--- START ---

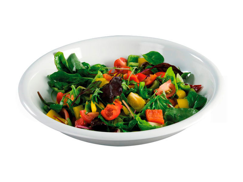 Plato Ø30 cm. Cucharillas 12x5,2 cm. La más alta prestación, con sus minicucharillas de porcelana ovaladas incrustadas en el hueco de la fuente
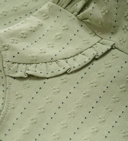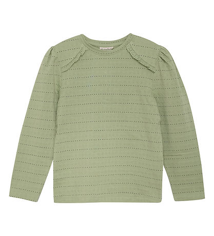 The Minymo blouse has long sleeves with a puff effect at the shoulders and a round neckline with a narrow ribbed edge. The Blouse has fine ruffles at the shoulders and it is made of a soft and stretchable quality.
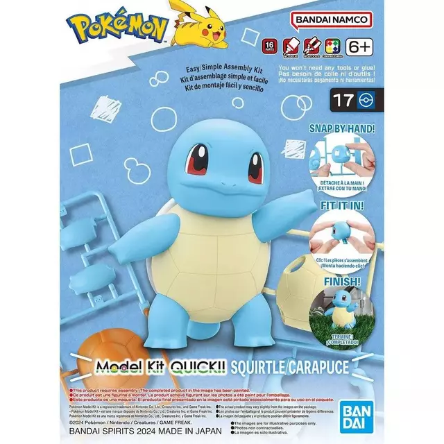 Los model kits de Pokémon de Bandai son figuras de plástico para montar inspiradas en personajes de la franquicia Pokémon. Están diseñados para ser divertidos y accesibles, con piezas que se encajan de forma sencilla y sin necesidad de herramientas especializadas. Cada kit suele venir con instrucciones y, en muchos casos, algunas articulaciones básicas que permiten posar la figura terminada.

--- END ---

GOAL OF THE EXERCISE
Give the listing again, exactly as it appears, but without its images.

THE ANSWER
 Plato Ø30 cm. Cucharillas 12x5,2 cm. La más alta prestación, con sus minicucharillas de porcelana ovaladas incrustadas en el hueco de la fuente
 The Minymo blouse has long sleeves with a puff effect at the shoulders and a round neckline with a narrow ribbed edge. The Blouse has fine ruffles at the shoulders and it is made of a soft and stretchable quality.
 Los model kits de Pokémon de Bandai son figuras de plástico para montar inspiradas en personajes de la franquicia Pokémon. Están diseñados para ser divertidos y accesibles, con piezas que se encajan de forma sencilla y sin necesidad de herramientas especializadas. Cada kit suele venir con instrucciones y, en muchos casos, algunas articulaciones básicas que permiten posar la figura terminada.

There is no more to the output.